AUTHOR=Bai Wei , Feng Yuan , Sha Sha , Zhang Qinge , Cheung Teris , Zhang Dexing , Su Zhaohui , Ng Chee H. , Xiang Yu-Tao TITLE=Comparison of Hypomanic Symptoms Between Bipolar I and Bipolar II Disorders: A Network Perspective JOURNAL=Frontiers in Psychiatry VOLUME=13 YEAR=2022 URL=https://www.frontiersin.org/journals/psychiatry/articles/10.3389/fpsyt.2022.881414 DOI=10.3389/fpsyt.2022.881414 ISSN=1664-0640 ABSTRACT=Background

Hypomanic symptoms between bipolar-I disorder (BD-I) and bipolar-II disorder (BD-II) are often indistinguishable in clinical practice. This study compared the network structure of hypomanic symptoms between patients with BD-I and BD-II.

Methods

The 32-item Hypomania Checklist (HCL-32) was used to assess hypomanic symptoms. Network model was generated in BD-I and BD-II patients. Centrality index of strength was used to quantify the importance of each symptom in the network.
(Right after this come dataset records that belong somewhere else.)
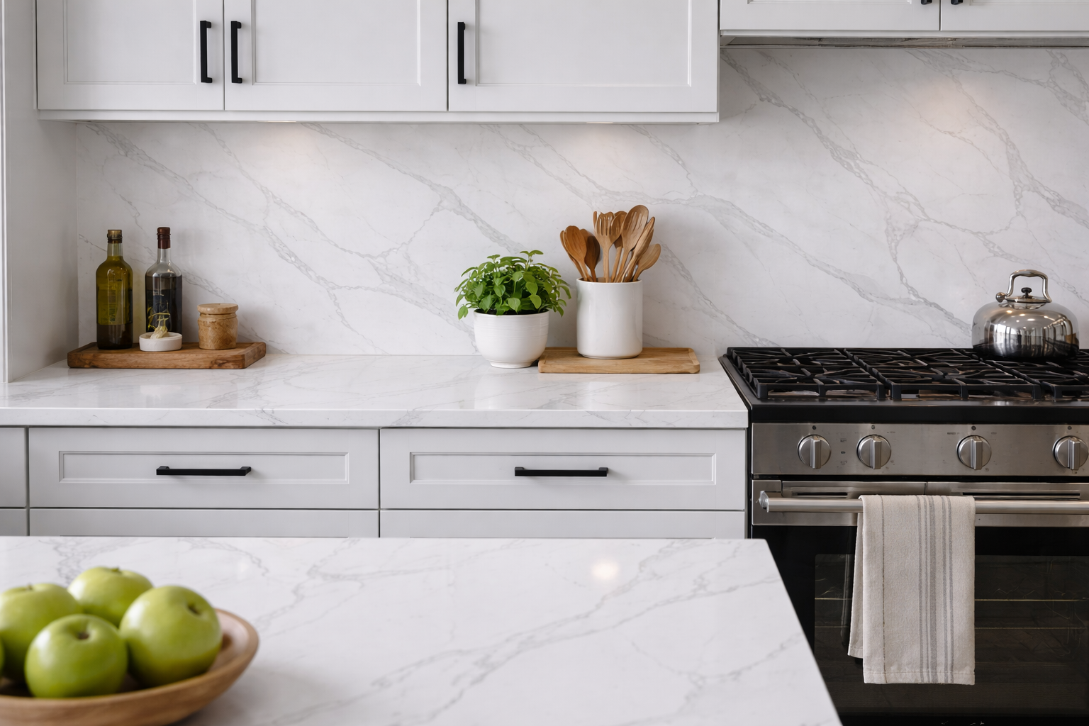 Arya Pearl features a luminous white background accented with soft grey veining that flows gently across the surface. The delicate movement of the veins creates subtle visual depth while preserving a clean and refined aesthetic. With its polished finish, durable 3cm thickness, and spacious 137x79 slab size, Arya Pearl delivers timeless elegance and versatility, making it ideal for countertops, kitchen islands, and sophisticated interior surfaces.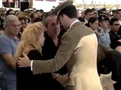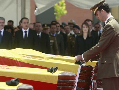 Los Príncipes de Asturias acompañados por el presidente del Gobierno, José Luis Rodríguez Zapatero, el ministro de Defensa, José Antonio Alonso, y otras autoridades han dado su último adiós a los soldados en Paracuellos del Jarama.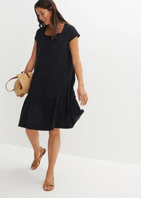 Robe En Jersey Coton Avec Détail Décolleté Et Manches Papillon, Longueur Genou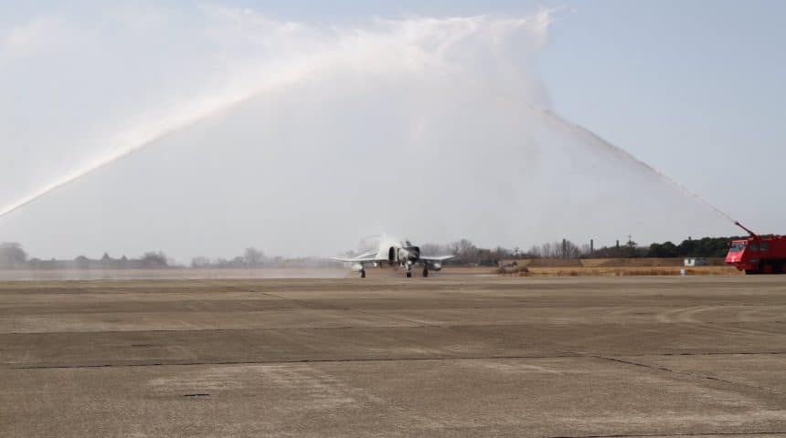The three Samurai Phantoms (two F-4EJ and an F-4EJ “Kai”) took off at around 8:55 AM LT, and flew for about 40 minutes. Then they performed several passes over the base before landing for the last time. After landing, they passed through the water arch by the water cannon and were greeted by the JASDF personnel gathered on the apron with an applause.

The Network Comparison Test (NCT) was used to assess the differences in hypomanic symptoms between BD-I and BD-II patients.

Results

Altogether, 423 patients with BD (BD-I: 191 and BD-II: 232) were included. The most central symptom was HCL17 “I am more flirtatious and/or am more sexually active” (strength BDI = 5.21) and HCL12 “I have more ideas, I am more creative” (strength BDII = 6.84) in BD-I and BD-II samples, respectively. The results of NCT showed that four nodes (HCL12 “I have more ideas, I am more creative,” HCL17 “I am more flirtatious and/or am more sexually active,” HCL23 “My thoughts jump from topic to topic,” and HCL31 “I drink more alcohol”) were significantly different between the BD-I and BD-II samples. Two edges (HCL3 “I am more self-confident”–HCL17 “I am more flirtatious and/or am more sexually active,” and HCL10 “I am physically more active (sport, etc.)”–HCL24 “I do things more quickly and/or more easily”) were significantly stronger in BD-I compared to BD-II patients.

Conclusion

The network structure of hypomanic symptoms is different between BD-I and BD-II patients. Interventions targeting the respective central symptoms and edges should be developed for BD-I and BD-II separately.